Despite its high prevalence within newborn medicine and hydrocephalus in general, PHH is relatively uncommon at any individual institution. Multi-institutional platforms are therefore critical to conducting meaningful human studies research in PHH. In addition to the HA-supported HCRN, the NIH has worked to develop infrastructure for clinical studies for conditions like PHH. NINDS established the Network for Excellence in Neuroscience Clinical Trials (NeuroNext) that consists of one Clinical Coordinating Center (CCC), a Data Coordinating Center (DCC), and 25 Clinical Sites located throughout the United States (https://www.neuronext.org/). The standardized and accessible infrastructure of NeuroNext was designed to efficiently and rapidly conduct exploratory phase I and II clinical trials as well as biomarker validation studies.

Through the National Center for Advancing Translational Sciences (NCATS), the NIH also has important resources for early and late phase studies designed to repurpose drugs developed for other conditions (https://ncats.nih.gov/preclinical/repurpose). For example, the Molecular Libraries Small Molecule Repository (MLSMR) has over 350,000 compounds. Taking advantage of these resources can accelerate the process of therapy development.

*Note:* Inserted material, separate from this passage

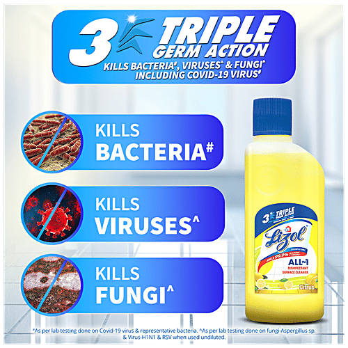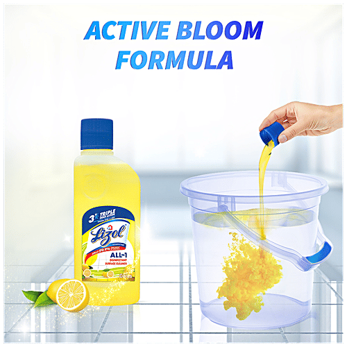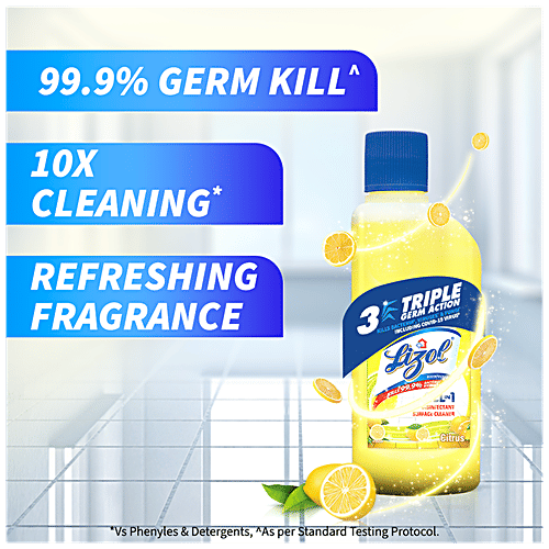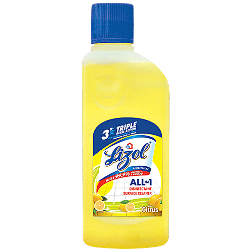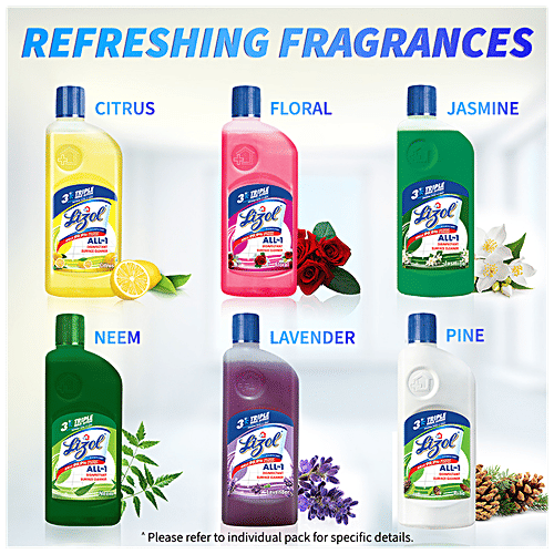 Lizol is India's No.1 Household Cleaning Brand, highly recommended by the Indian Medical Association. Lizol guarantees to kill 99.99% of disease-causing bacteria as well as germs while leaving your room smelling fragrant with a wide variety of aromas. Suitable for household with pets.^ This cleaner removes 100 types of Stains & Germs and leaves a Pleasant Fragrance. Available Variants are Pine, Floral, Citrus, Jasmine, Lavender, Sandal and Neem in the sizes: 200 ml, 500 ml, 1L, 1.8L Refill, 2L and 5L. ^Disclaimer: “When used as directed”

Role of the Hydrocephalus Association

The HA can play a central role in accelerating hydrocephalus research by serving as a link between the two HA-supported clinical networks, the Hydrocephalus Clinical Research Network (HCRN.org) and Adult HCRN (AHCRN.org), the basic and translational researchers involved with the HA Network for Discovery Science (HANDS, HANDS.hydroassoc.org), and the patient community through the HA Patient Powered Interactive Engagement Registry (HAPPIER, hydroassoc.org/happier). HANDS is designed to support basic and translational research by directly funding research studies, building shared infrastructure, and convening workshops and conferences. HANDS is also a platform for improving communication between researchers and developing new research collaborations. HAPPIER is a patient reported database. The survey data generated through HAPPIER can be used by researchers. In addition, researchers can work with HA to send out new surveys and also to recruit patients for clinical trials. The HA will continue to develop and modify research programs to best serve the hydrocephalus research community as well as continue advocacy efforts to increase the availability of federal funding for hydrocephalus research.

Conclusions

Intraventricular hemorrhage and posthemorrhagic hydrocephalus is a potentially devastating condition in premature neonates with no effective non-surgical therapies. The Hydrocephalus Association Posthemorrhagic Hydrocephalus Workshop identified many important areas for future research to help produce a pathway for reducing the occurrence and effects of PHH.